Insulin and glucagon levels of umbilical cord blood in appropriate for gestational age - preterm infants with or without postnatal hypoglycemia

Jae Hyun Park; Jin Gon Bae; Shin Kim; Chun Soo Kim; Sang Lak Lee; Heung Sik Kim

doi:10.6065/apem.2016.21.2.86

Ann Pediatr Endocrinol Metab > Volume 21(2); 2016 > Article

Park, Bae, Kim, Kim, Lee, and Kim: Insulin and glucagon levels of umbilical cord blood in appropriate for gestational age - preterm infants with or without postnatal hypoglycemia

Original Article

Annals of Pediatric Endocrinology & Metabolism 2016;21(2): 86-91.

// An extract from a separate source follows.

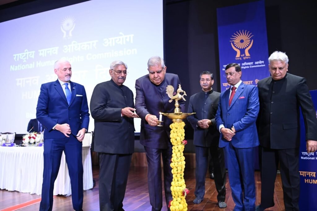 उपराष्ट्रपति जगदीप धनखड़ नई दिल्ली के प्रगति मैदान में मानवाधिकार दिवस समारोह में शामिल हुए। इस अवसर पर उन्होंने कहा कि भारत की सभ्यता का लोकाचार और संवैधानिक ढांचा मानवाधिकारों के सम्मान, सुरक्षा और पोषण के प्रति हमारी गहरी प्रतिबद्धता को दर्शाता है।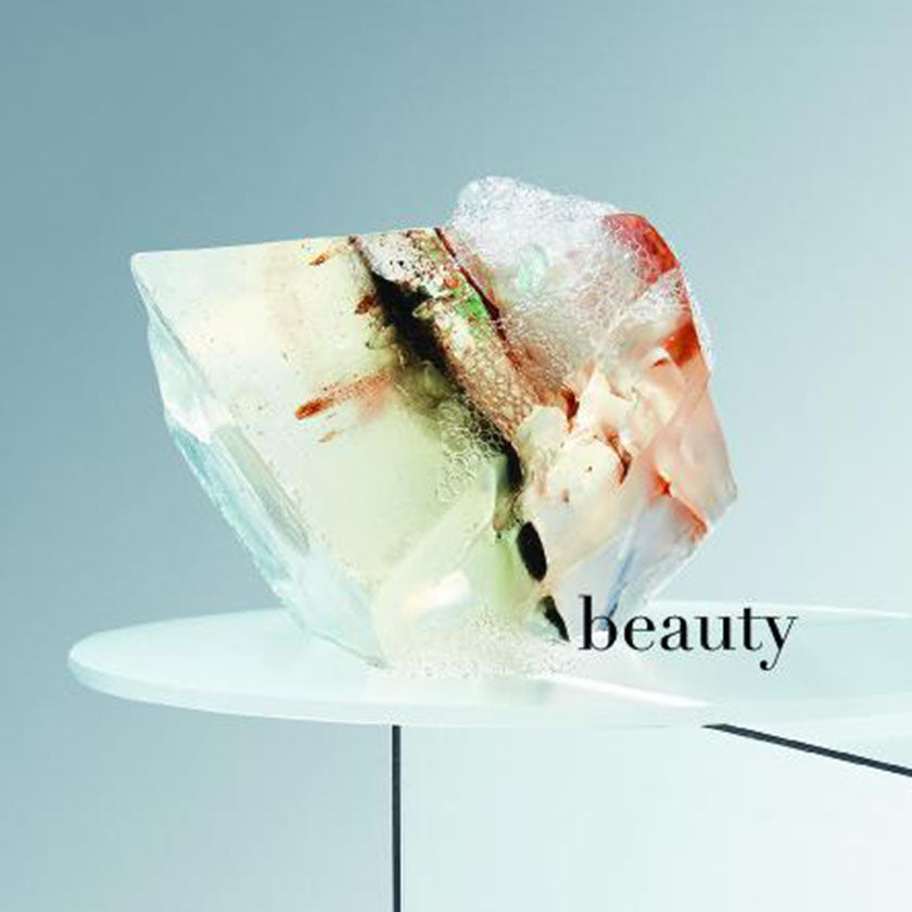 Crystal Face Stone Cleanser made with rose quartz, gold mica and carbon.

Published online: June 30, 2016

DOI: https://doi.org/10.6065/apem.2016.21.2.86

Insulin and glucagon levels of umbilical cord blood in appropriate for gestational age - preterm infants with or without postnatal hypoglycemia

Jae Hyun Park, MD¹, Jin Gon Bae, MD², Shin Kim, MD³, Chun Soo Kim, MD¹, Sang Lak Lee, MD¹, Heung Sik Kim, MD, PhD¹

Department of Pediatrics, Keimyung University Dongsan Medical Center, Keimyung University School of Medicine, Daegu, Korea.

²Department Obstetrics and Gynecology, Keimyung University Dongsan Medical Center, Keimyung University School of Medicine, Daegu, Korea.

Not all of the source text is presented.